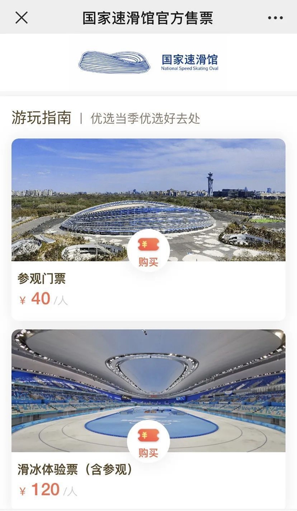 來這里參觀可以通過微信關注“國家速滑館”公眾號進行票務預約。參觀門票40元每人次。參觀加上冰的套票120元每人次。根據游客需求,也可以現場購買80元每人次的滑冰體驗票,其中包含了90分鐘的滑冰體驗和一套冰鞋一套護具。
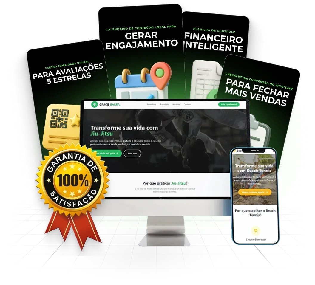 Você recebe um mini site profissional, SEO local configurado, botão de WhatsApp com chamada automática e quatro bônus exclusivos para impulsionar seu negócio.
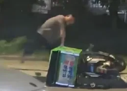 从视频中可以看到,这位外卖员身穿工作服,趴在地上放声大哭,嘴里不停念叨着什么,情绪极度激动。他的外卖车被反复砸向地面,零件散落一地,路人不敢靠近,有人默默站在远处拍摄,也有人小心上前试图安慰。
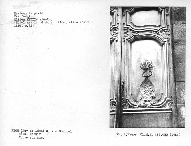 Auvergne-Rhône-Alpes ; Puy-de-Dôme (63) ; Riom ; 2 rue Chabrol
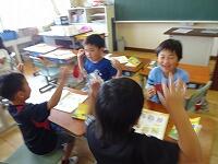 学活では、手洗いの仕方をVTRを使って練習しました。手にはばい菌がついていることが実感できました。手だけでく、梅雨の時期でべとべとするので、毎日おふろに入って、きれいな体で過ごしたいですね。
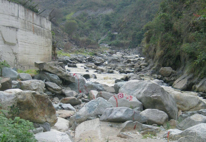 Работы включали выполнение профилирования методом рефрагированных волн на бортах горной долины, по урезам берегов и через русло реки, а также отработку профиля ОГТ методом отраженных волн по дороге на правом берегу поперек створа плотины.

# AIM OF THE EXERCISE
Reproduce, with the pictures omitted, exactly those lines that run from the line with "学活では、手洗いの仕方をVT" to the last line of the material, both ends included.

# RESULT
 学活では、手洗いの仕方をVTRを使って練習しました。手にはばい菌がついていることが実感できました。手だけでく、梅雨の時期でべとべとするので、毎日おふろに入って、きれいな体で過ごしたいですね。
 Работы включали выполнение профилирования методом рефрагированных волн на бортах горной долины, по урезам берегов и через русло реки, а также отработку профиля ОГТ методом отраженных волн по дороге на правом берегу поперек створа плотины.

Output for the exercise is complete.